With so many charitable organizations available nowadays it can be overwhelming to decide on where to focus your energy. However, there are some movements that are super easy to support by making a simple purchase, and that's what the 100 Good Deeds (1GD) movement is all about. 1GD was created by author, artist, and advocate Mary Fisher. The concept of 1GD started off as a game created by her friend, filmmaker Thomas Morgan, for his family.  A "Good Deed"  only counts if one goes out of their way to help someone and the act remains anonymous. Falling in love with this idea, Mary combined her jewelry making efforts with the women of Africa & Haiti with the game and created the 100 Good Deeds Bracelet.  Each bracelet is made by an artisan in either Haiti, Uganda, Rwanda, Zambia, or Johannesburg, providing them with employment. 
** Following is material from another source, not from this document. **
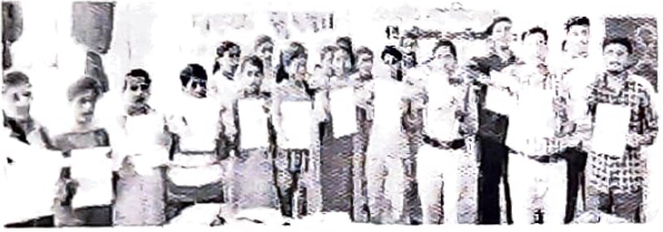
विचार गोष्ठी में संकल्प लेते विद्यार्थी व अन्य।

I learned about 1GD through a Blogger Organization that I'm affiliated with, and definitely wanted to participate in the campaign to get the word out. It's important to me to find ways to give back. I far from rich, but I am blessed, and life can be particularly hard for our fellow men and women living in developing countries. I may not always have the time to volunteer or create events to raise money, but I try to give back anyway I can, and purchasing this bracelet is a quick way to support someone less fortunate.  I love movements in which we get to purchase an item that gives back because the item will always be a reminder of how you helped someone. What I particularly like about artisan movements is you receive the name of the Artisan who made your item, making it extra special.  The bracelets are handcrafted from fine, braided nylon and glass beads and remind you to assist others in need. They also help you keep track of how many deeds you've completed! Once you have your bracelet, wrap the 1GD bracelet around your wrist three times and adjust the length for comfort by sliding the knot along the cord. Each time you do a good deed, move the rubber ring one bead closer toward the 1GD button. This button represents the completion of 100 good deeds! The bracelet remains a constant, steady reminder to do good altruistically. Here is the bracelet I received made by Rose Odong Kara in Uganda:

You too can become part of the 100 Good Deeds movement!

Tweet about a good deed that someone else did for you mentioning @The1GDbracelet, #1GD and the link to my blog post: for your chance to win. 15 lucky readers will be chosen by @BeEverywhere to receive a 100 Good Deeds bracelet. If you win you will receive a tweet from @BeEverywhere.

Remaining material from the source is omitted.